Data block:
============================================================

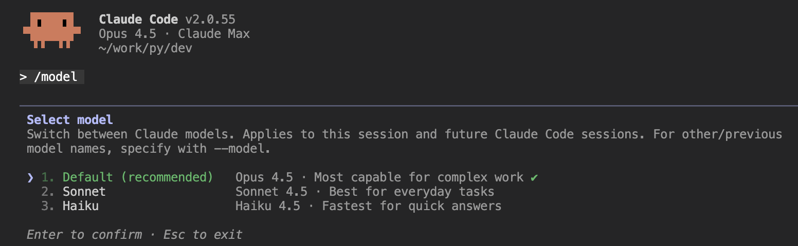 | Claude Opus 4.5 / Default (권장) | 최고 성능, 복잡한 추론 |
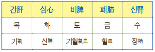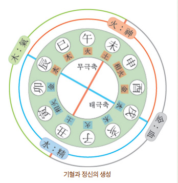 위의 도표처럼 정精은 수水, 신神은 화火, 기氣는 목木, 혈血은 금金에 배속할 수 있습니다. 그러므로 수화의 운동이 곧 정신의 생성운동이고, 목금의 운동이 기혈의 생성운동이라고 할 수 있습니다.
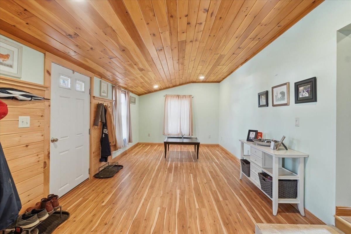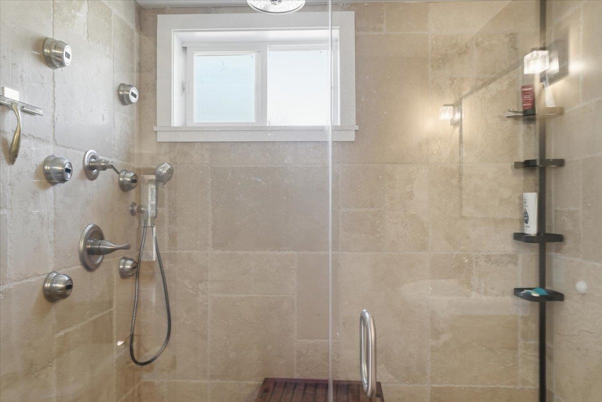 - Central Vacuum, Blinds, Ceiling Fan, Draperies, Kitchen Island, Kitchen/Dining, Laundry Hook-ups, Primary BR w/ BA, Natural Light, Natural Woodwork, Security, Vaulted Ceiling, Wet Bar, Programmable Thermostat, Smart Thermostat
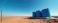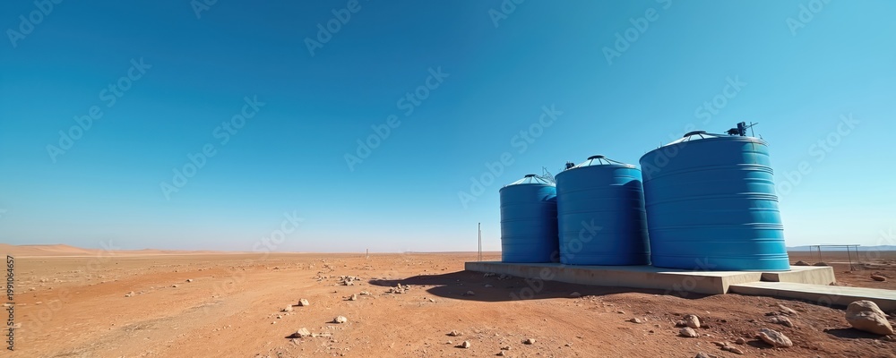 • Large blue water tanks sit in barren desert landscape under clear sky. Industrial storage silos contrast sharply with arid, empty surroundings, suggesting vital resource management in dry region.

============================================================

Instructions for the task: Transcribe, without alteration, each line from the one with "위의 도표처럼 정精은" through the last line of the data; no pictures belong in the copy.

Answer box:
 위의 도표처럼 정精은 수水, 신神은 화火, 기氣는 목木, 혈血은 금金에 배속할 수 있습니다. 그러므로 수화의 운동이 곧 정신의 생성운동이고, 목금의 운동이 기혈의 생성운동이라고 할 수 있습니다.
 - Central Vacuum, Blinds, Ceiling Fan, Draperies, Kitchen Island, Kitchen/Dining, Laundry Hook-ups, Primary BR w/ BA, Natural Light, Natural Woodwork, Security, Vaulted Ceiling, Wet Bar, Programmable Thermostat, Smart Thermostat
 • Large blue water tanks sit in barren desert landscape under clear sky. Industrial storage silos contrast sharply with arid, empty surroundings, suggesting vital resource management in dry region.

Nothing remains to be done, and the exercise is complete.